“Look, you want to make some easy money?”
Given her current life situation? “Depends on what I have to do.”
The woman grinned. “Oh, honey, trust me, that won’t be a problem.”
“But—”
“You single?” the woman asked with barely suppressed impatience.
“Yes, why?”
“Perfect. Come on, we have to get you to makeup and wardrobe.”
“My mom’s going to be in the movie?” Tommy asked.
The woman stared up at Tommy and then looked at Claire’s smaller frame. “Mom?”
“Yes,” Claire said.
The woman sighed and rolled her eyes, her hand tightening on Claire’s hand. “Some people get all the good genes. Let’s go.”
Thirty minutes later, Claire emerged from wardrobe in a chic black sleeveless dress with thigh-high slits up both sides. Oversized earrings completed the dazzling look, and someone handed her six-inch heels she thankfully didn’t have to wear because they filmed on sand.
Her blond hair had been pulled into an elegant knot, with long tendrils framing her face, and her lips were coated with dark red lipstick that popped with her carefully lined eyes.
She didn’t remember wearing this much makeup since her high school prom, but the artist assured her it was required due to the lighting and gist of the scene.
She carried the prop heels in her hand, and then the headset-wearing woman who’d come to the craft service whisked her toward yet another tent. Inside she found none other than Oliver Beck standing beside— “Denz? Is thatyou?”
He’d been transformed. Makeup had taken a turn at him as well, it seemed, and his normally clean-shaven face now had a beard attached. They’d dressed him in a black T-shirt and black slacks, making him look like a mob enforcer given the abundant muscles revealed by the short sleeves.

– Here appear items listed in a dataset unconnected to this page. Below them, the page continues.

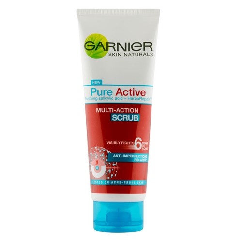Fight 6 signs of acne with Garnier's Pure Active scrub! What are they? Oily skin, pimples, whiteheads, dirt, enlarged pores and irregular texture. This scrub has gentle micro-beads for exfoliation and contains salicylic acid, an efficient anti-bacterial active combined with regenerating HerbaRepair(TM) from blueberry extract to visibly fight 6 signs of acne day after day.
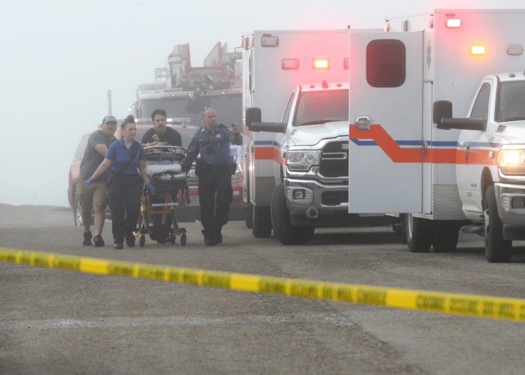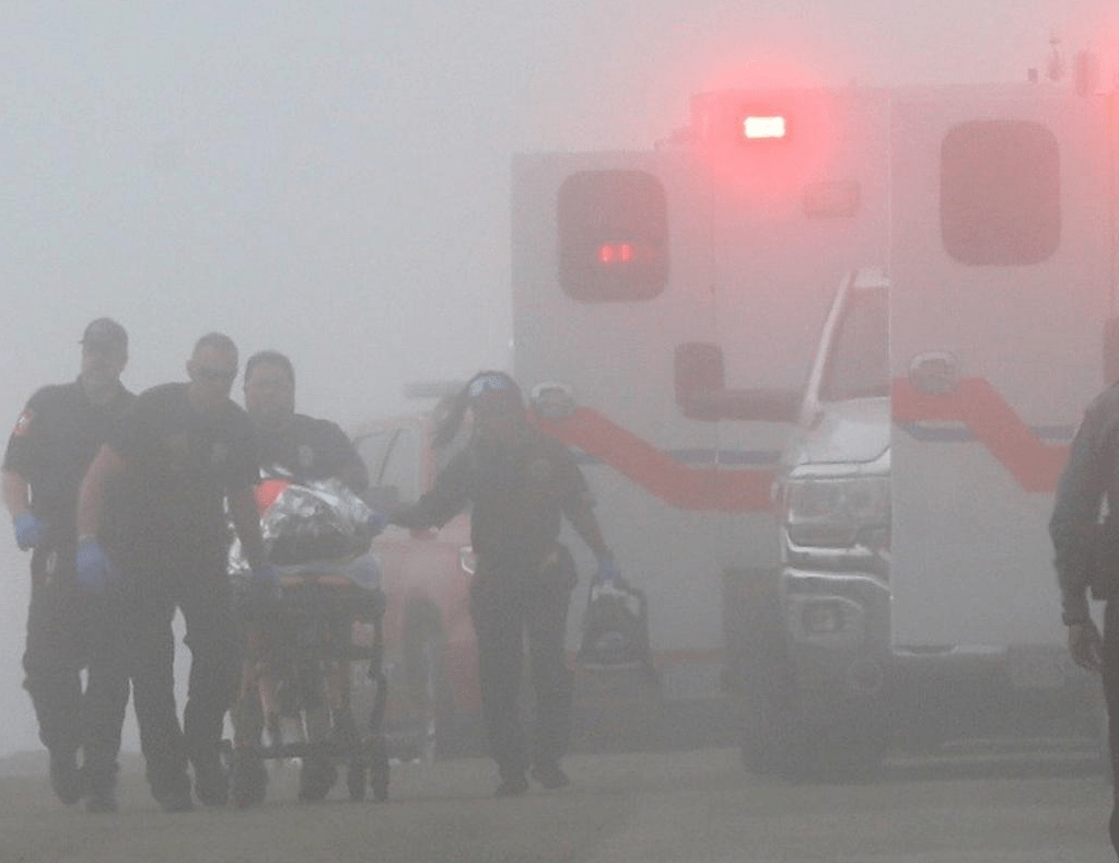 El personal de emergencia recorrió la bahía bajo una capa espesa de neblina para hallar a los tripulantes.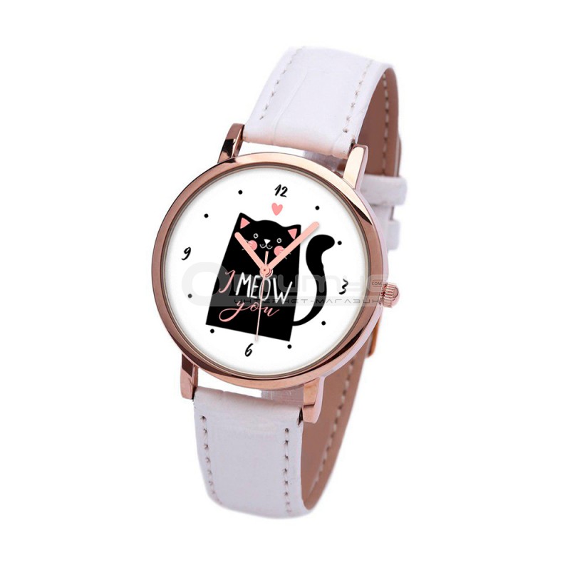 Наручные часы TIA Я Мяу Ты , белый ремешок, корпус розовое золото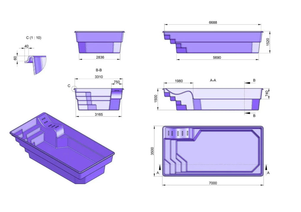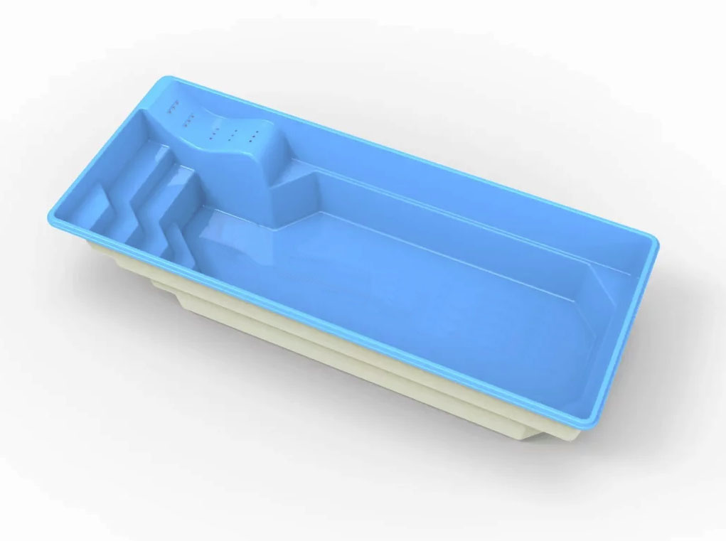Prostokątny, nowoczesny kształt. Układ stopni zapewnia komfort i bezpieczeństwo, a dodatkowa leżanka pomoże się zrelaksować i poczuć jak we własnym spa. Niecka podobnie jak pozostałe modele daje duże możliwości doposażenia w atrakcje wodne m.in przeciwprąd. Zastosowanie efektownych schodów prostokątnych zdecydowanie podkreśla walory użytkowe, ich rozmiary nie zabierają dużo z powierzchni do pływania, a ich antypoślizgowa powierzchnia zapewni komfort i bezpieczeństwo kąpiących. Dodatkowo niecka wyposażona jest w dwa siedziska na krótszej ścianie.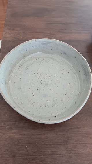 This piece is regarded as a second. There has been some subtile warping in the final firing. ( see photo) It is still functional, and oven, dishwasher and microwave safe.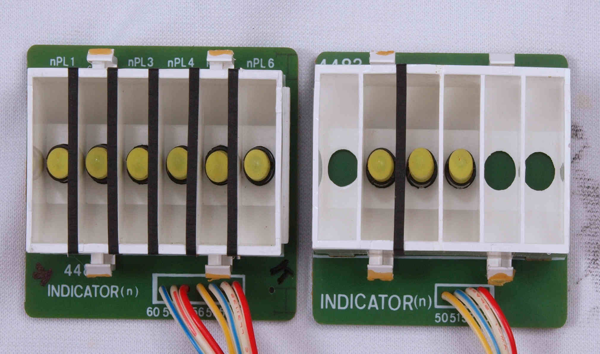 CC11. 修理前 表示ランプ基板、 左=入力、 右=テープ。
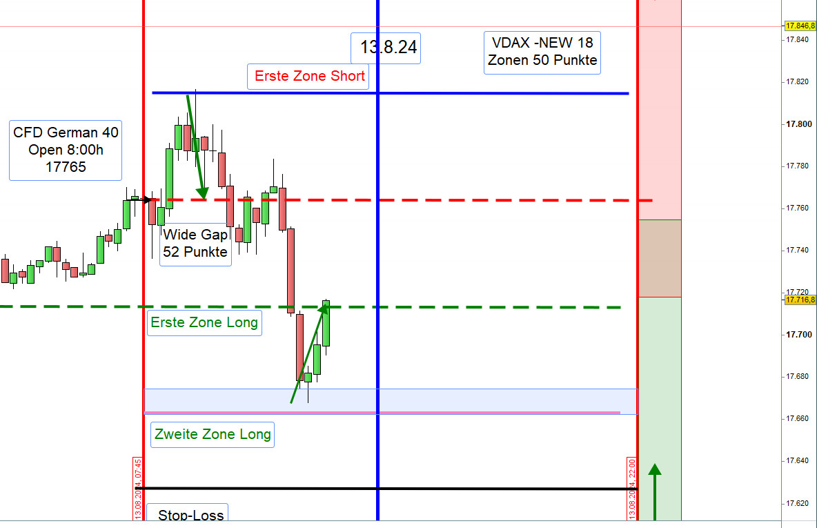 Die Eröffnung einer Position erfolgt gemäß dem Prinzip des Zonenhandels. Wurde die Position eröffnet, dann ist dies die erste Zone. Das Augenmerk liegt auf der Kursbewegung ab 9:00h, Eröffnung XETRA-Börse. Wird die Wide-Gap zügig durchgehandelt, dann erfolgt der Einstieg erst nach einer bullish oder bearish Umkehr-Kerze. Hammer und Inverted Hammer -

“Ms. Simmons, I’m Oliver Beck. Thank you for agreeing to be the last-minute fill-in.”
“I’m not sure I agreed as much as I was commandeered.”
“Same,” Denz mused, staring at her.
“You two know each other?” Oliver asked, shifting his attention between them.

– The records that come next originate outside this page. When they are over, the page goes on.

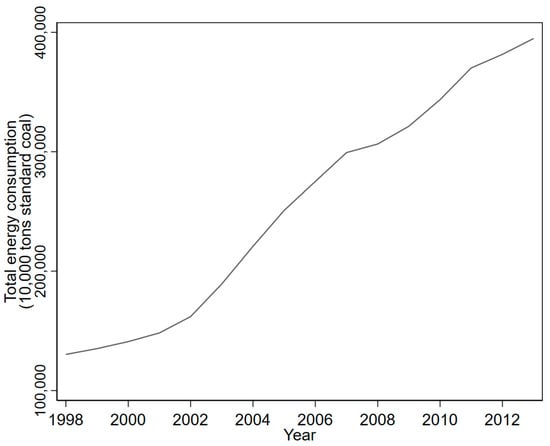 Sustainable development has aroused wide concern, both public and academic. Concerning the progression of industrialization, many Western countries have adopted the “pollute first, control later” strategy, which sacrifices the interests of the next generation and goes against the original intentions of sustainable development. For the excessive pursuit of economic interests, many countries tend to abuse resources and release enormous amounts of pollutants, which have inflicted substantial strain on the environment. The resulting environmental problems not only slow down economic development [1] but also cause huge damage to human health [2,3,4]. This type of development model cannot be perpetuated. Moreover, with its opening up and reform strategy, China has achieved substantial economic development. Meanwhile, extensive development aggravates the consumption of energy resources (as shown in Figure 1) and produces substantial amounts of pollution [5,6,7]. This development pattern of “high-energy consumption, high-polluting, and high-emission” is no longer desirable [8]. How sustainable development can be achieved is, therefore, an urgent issue, especially for developing countries like China. In such a scenario, the Chinese government has implemented a variety of policy tools to retain the balance of economic development and environmental protection [9]. Among these measures, the pollution levy is one crucial step towards sustainable development.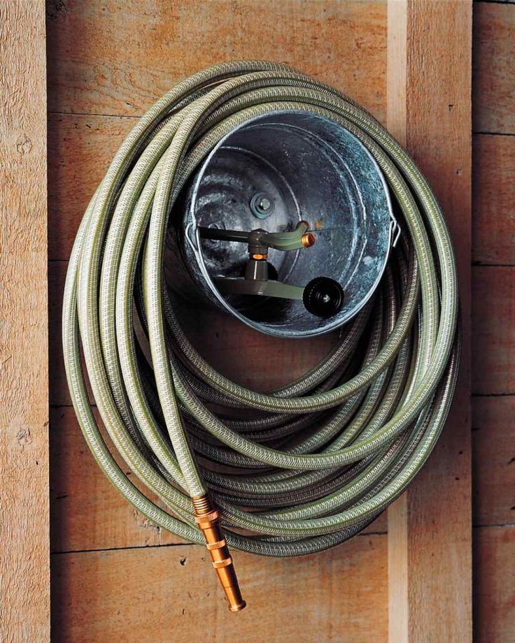 Bien sûr, il est préférable de plier le tuyau en anneaux - de cette façon, il ne se mélangera pas. Vous pouvez lancer les bobines sur un support monté sur un mur. Un vieux seau ou un trajet en voiture suffira. Il est pratique d'utiliser le seau en plus comme étagère et de le placer, par exemple, des gants de jardin ou d'autres outils.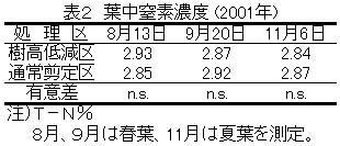 表2 葉中窒素濃度 (2001年)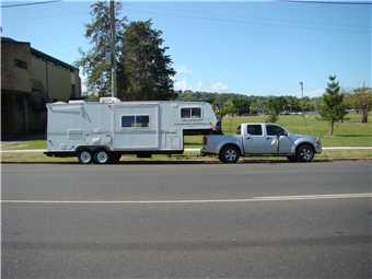 It was a cooler night, I pulled on my 2nd blanket just below dawn. I got up about 6:00am and showered and by 7:00am, Marg was awake. I had brekky and started to pack up, this took awhile as I had all our fossicking gear to pack as well, as last night I couldn't be stuffed. We left Casino Resort at 9:00am and headed along the Bruxner Hwy towards Tenterfield, between us and Tenterfield were the Great Dividing Range and on some steep ascents, I was down to 2nd gear but pulling constantly. Our first stop was at Tabulam which was 56kms from Casino. I was sorta forced to stop there as I had a B double sitting on my bum. After 72kms, we stopped in Tenterfield, we didn't see the Tenterfield Saddler though. We had another 92kms to our destination. We arrived in Glen Innes at the Fossicker caravan park at 12:15pm. We paid for our 6 nights ($81 at $27 per night plus our 3 night credit from last year) were given site 10, which was an easier site to back onto. It was gusting upto 65kph, so the awning is still rolled up, we will set that up when the wind dies down, if it does. As we are here for 6 nights, it was a full setup minus the awning. This took a couple of hours.

Denz quickly filled Oliver in on how while Claire stood frozen as the awestruck fangirl she was.
“Well, that is a coincidence,” Oliver said. “It’s nice to meet you, Claire.”
“L-likewise.”
“So here’s the scene and why you two are perfect. Denz is basically playing himself, a bodyguard. He’s caught up to his runaway princess, and she’s convinced him to give her a brief taste of freedom before she has to return to her duties. Away from everyone else, they’ve fallen in love, and the scene you’re about to do is the goodbye kiss before her family takes her away.”
Kiss?
Claire glanced at Denz and then back at Oliver Beck, aware of the flush rising up her neck into her cheeks. “Shouldn’t the actual actors be doing this?”
Oliver Beck’s handsome face twisted into a grimace. “Yes, but both have come down with a stomach bug, so now we’re improvising due to the schedule. It won’t be a close-up and”—he turned and waved a hand at the headset-wearing woman who’d found Claire in the van—“we’ve matched you up really well, I think,” he said, taking the sheet of paper the woman handed him and passing it on to Claire. It was a photograph of the actors.
“I’m… You mean I’m the stand-in forher?”
Everyone chuckled at Claire’s question and the utter disbelief in her tone.
“You don’t see the resemblance?” Oliver asked, his gaze twinkling.